Everything that is not in reality is an encapsulation of a universal spirit of life into a
particular instance. Every organization is testament to the presence of spirit: where there is
17
organization, there is life; and where there is life, there is a soul. And for this reason, just as
every work of nature from the mineral and the blade of grass to man is an encapsulation of a
universal spirit of life into a particular life, so any creation of art is an encapsulation of a
universal world idea into a particular symbol, zamknutyi [The adjectival form of zamknutost'] in
of itself. Organization is the essence of the process whereby everything living and not manmade
comes about, and consequently all works of nature and art. And for the very same reason, both
types of works are so complete, so full, perfect, and, in a word, zamknutyi in of themselves.
"But what is "zamknutost'"?" they shall ask us at last. We reply: this is a thing as simple
as it is wise, and to satisfactorily answer this question is as easy as it is difficult. What is spirit?

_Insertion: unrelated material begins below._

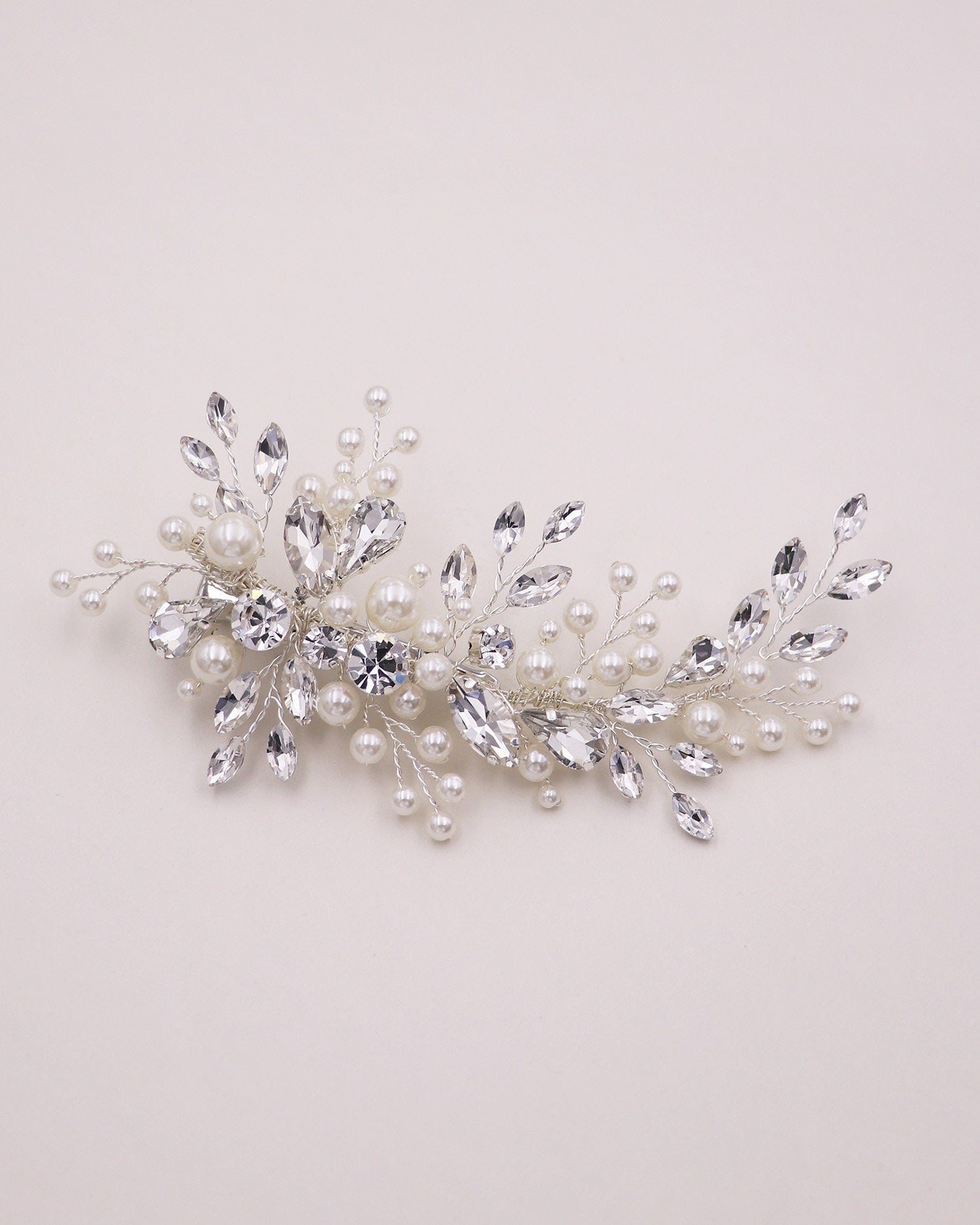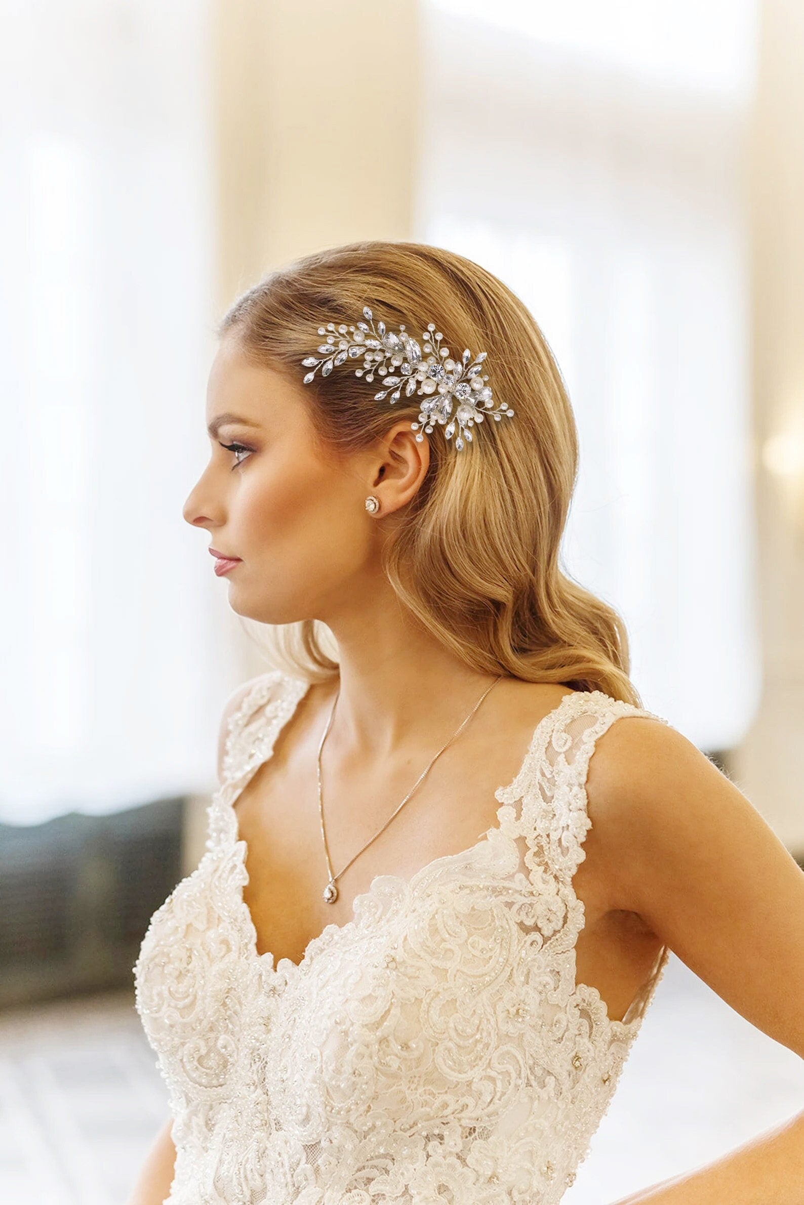 This brilliant crystal wedding hair clip is perfect to add to your hair on your most special day. Measuring 5" wide by 2" tall, this delicate rhinestone encrusted clip features clusters of round, pear and marquise crystals and glass pearls set in silver plating. This handmade comb has branches that can be moved to your liking.

What is truth? What is life? How often such questions are put forth and how often answers to
them are given! All human life is nothing other than similar questions which strive for solution.
And for what? Has the mystery been solved and the word found for many? Why is that? Well,
because all questions are both posed and decided with the word, and the word is either an idea or
an empty sound: the word is an idea for he who, in his very nature, inside himself, in the
mysterious sanctuary of the spirit, carries the capability of solving such questions (the capability
called foresight, premonition, internal contemplation, internal clairvoyance of truth, inborn
ideas, etc.), and, having heard it, he absorbs the meaning contained in this word. The reason for
such comprehension lies in the relationship, or, better put, in the identity of the individual who
experiences with that which is experienced. However, this very identity also demands much
18
development: otherwise comprehension dims and the questions remain unanswered. But for he
who does not have this identity with the subjects of his experience, the word is an empty sound:
his ear will hear the word, but his reason will remain deaf to it. This is why the questions we are
speaking of are as simple as they are wise, and why it is as easy as it is difficult to answer them.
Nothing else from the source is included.